Executive Director of Business Services Jack Eaton presented the spending report categorized by operational area.
Instruction is the area of which the district spends the largest amount, totaling 56.2 percent.
Their peer group includes very large unified and union high school districts in cities and suburbs, including Chandler, Gilbert, Deer Valley, Paradise Valley, Mesa, Phoenix Scottsdale and Tucson school districts.
The percentage of monies spent on instruction amongst the group averaged 56.4 percent last year.
To measure efficiency relative to peer averages, the categories were measured by labels of very low, low, comparable, high and very high.
Plant operations for the district comprised 11.4 percent of expenditures, followed by student support oat 9.2 percent. The district ranked as "comparable" with its peers in this category, with $6.07 at cost per square foot and food service cost per meal equivalent of $2.85.
For administration, the cost per pupil was $661, with the peer average at $680 and the state average at $844.
Transportation for the district runs at $4.52 per mile and $1,550 per rider, compared to the state average of $3.84 and $1,198, both of which were designated as very high.
"I have run out of tools, but have a few causes for these transportation issues," Mr. Eaton said. "As charter schools open, we lose bus riders and we get paid on riders and miles. We still have to get kids to those schools and special education transportation is a big area for us."
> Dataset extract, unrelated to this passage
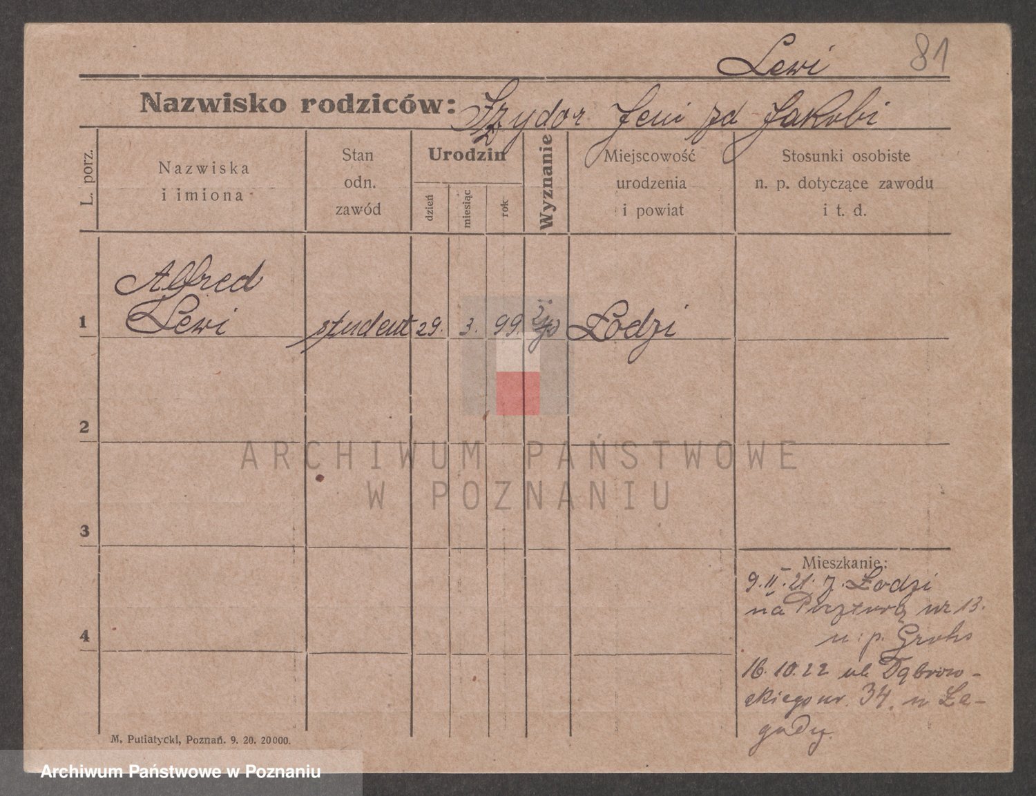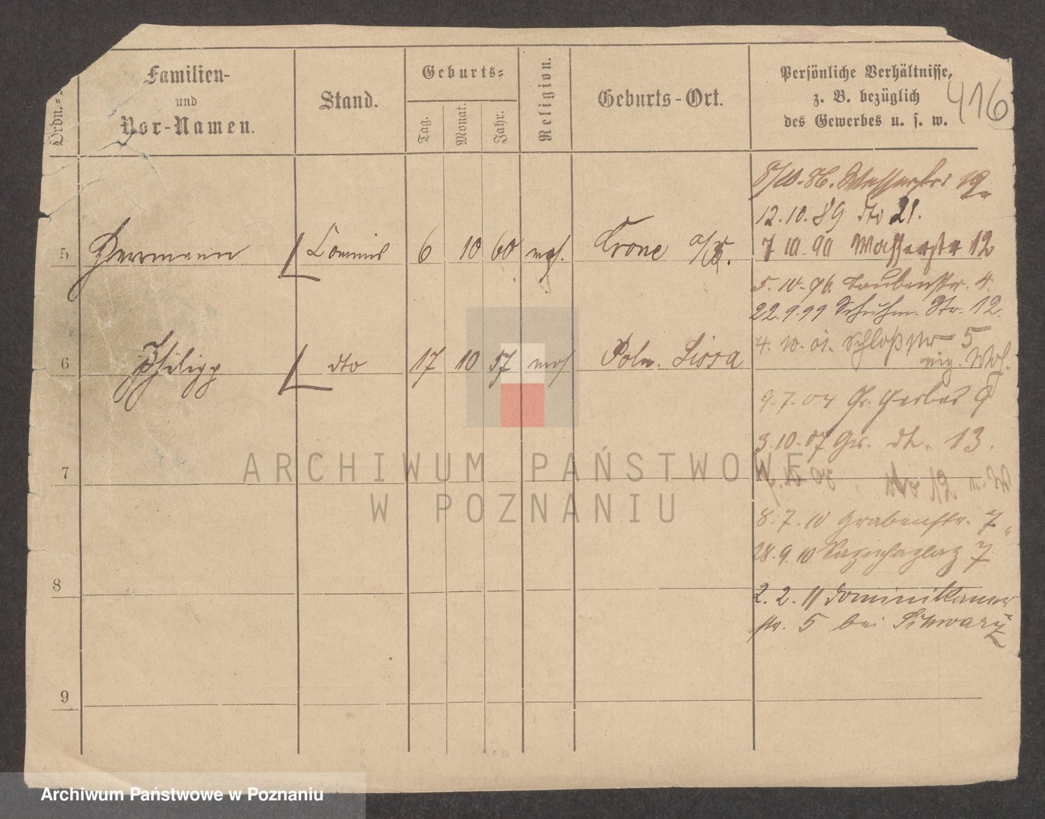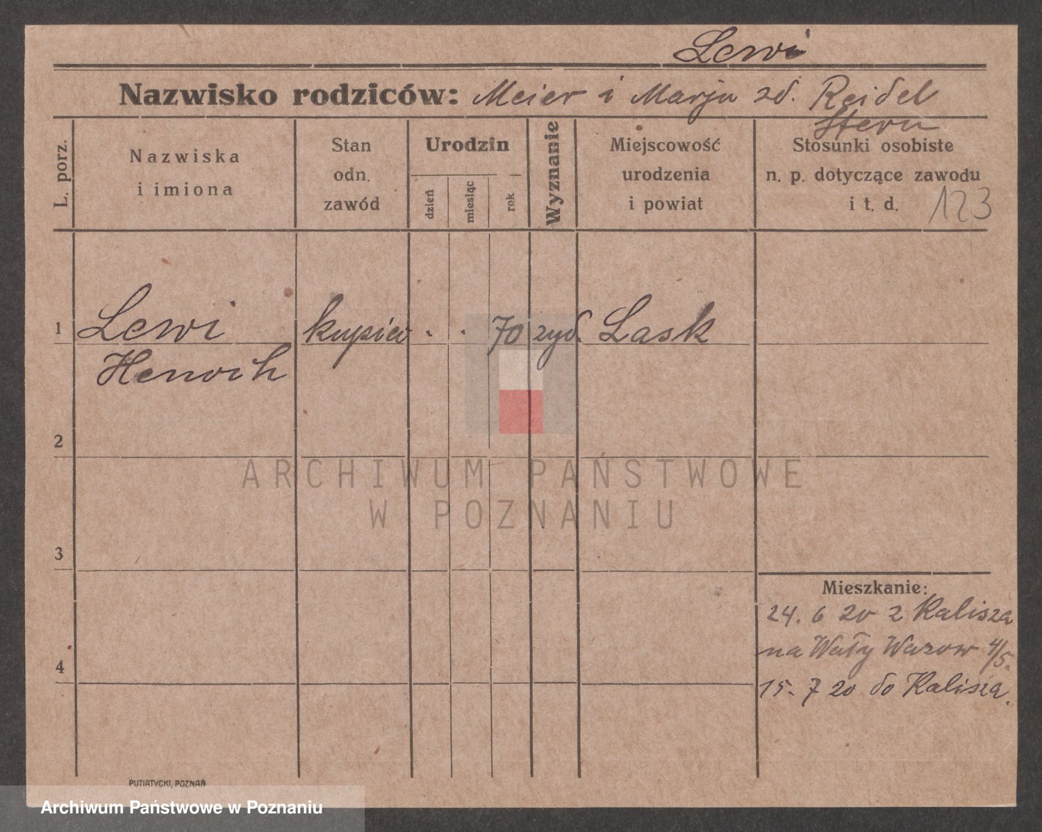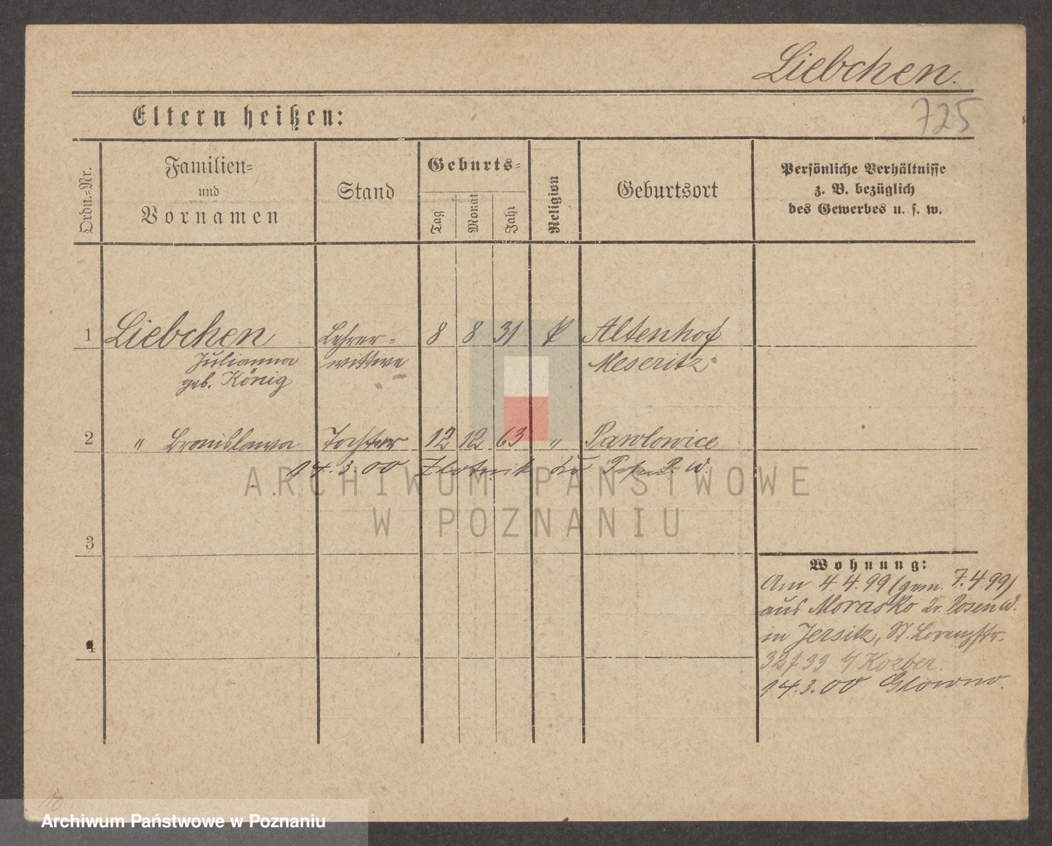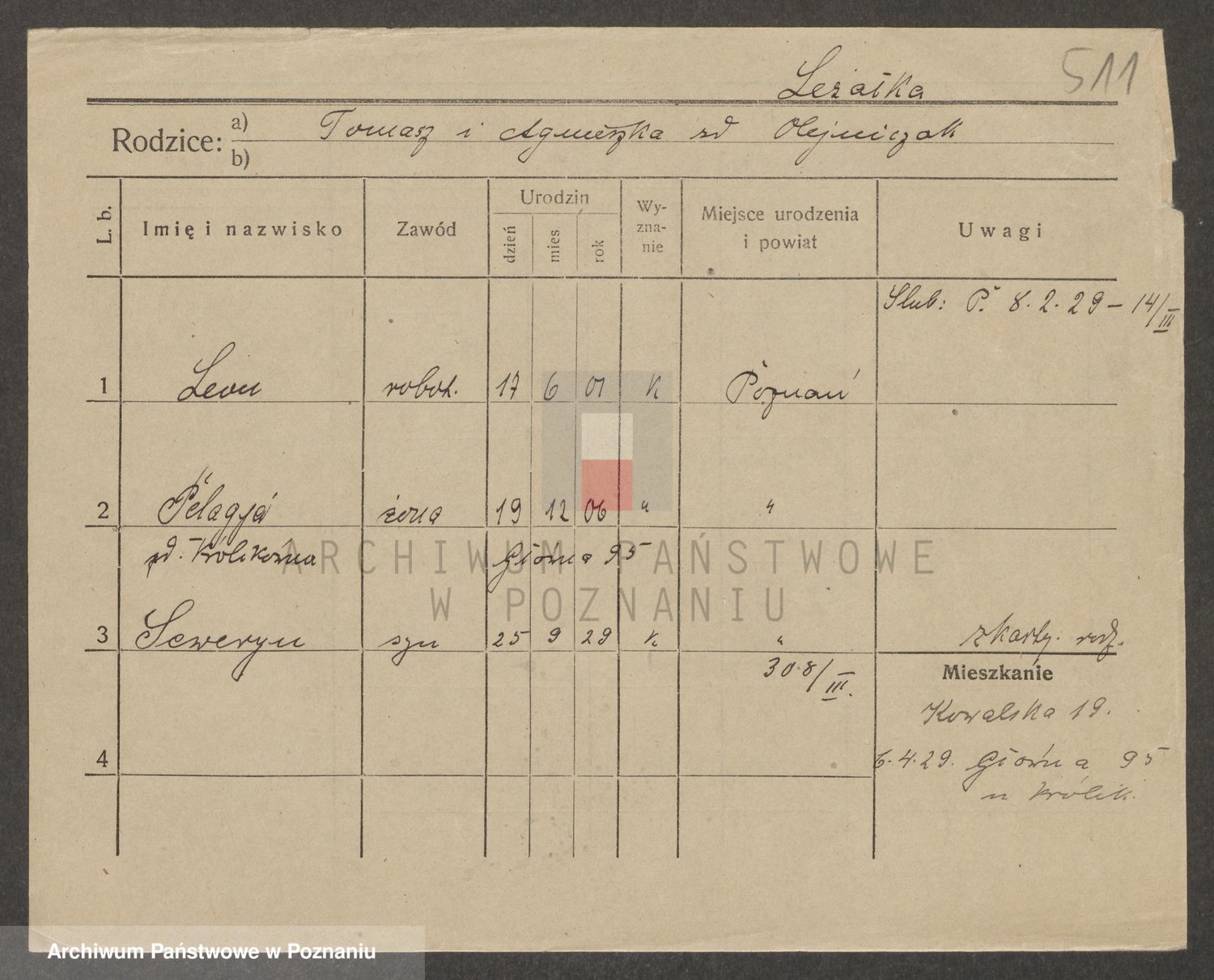 Podgląd karty osobowej dostępny jest po kliknięciu na nazwisko lub ikonkę karty. Można dokonywać powiększenia (ikony na górze) lub przechodzić między kolejnymi skanami (strzałki po bokach).

Mr. Eaton said over half the bus routes are specifically boarding kids with special needs door-to-door. He said the district’s percentage of special education is higher than peers and the state average, because the charter schools do not take special education students.
Comparing the districts grouped by transportation peer group and ranked by cost per mile and cost per ride, Dysart was listed 15 out of 16.
"This is criteria they use for districts traveling 291-360 miles and I don’t like to be at the bottom of that list, but I can assure you we are trying to keep those costs down and still meet our transportation needs," Mr. Eaton said.
For per-pupil spending by operational area, the district total was $7,302, broken down to instructional spending at $4,106 and non-instructional spending at $3,196. The state average is $4,377 on instructional spending and $3,764 on non-instructional.
Student-teacher measures includes an attendance rate of 95 percent and graduation rate is 91 percent from 2016, with the state average at 80 percent.
The average teacher salary for the district is $51,181 with $6,357 from Proposition 301 monies, compared to the state average of $48,372.
The average years of teacher experience for Dysart is 9.1, with the peer and state average at 11.3 percent, meaning 20 percent of district teachers are in their first three years of instruction.
"The financial stress assessment of the district is low from 2015 to 2017," Mr. Eaton said. "The change in number of district students had a large decrease."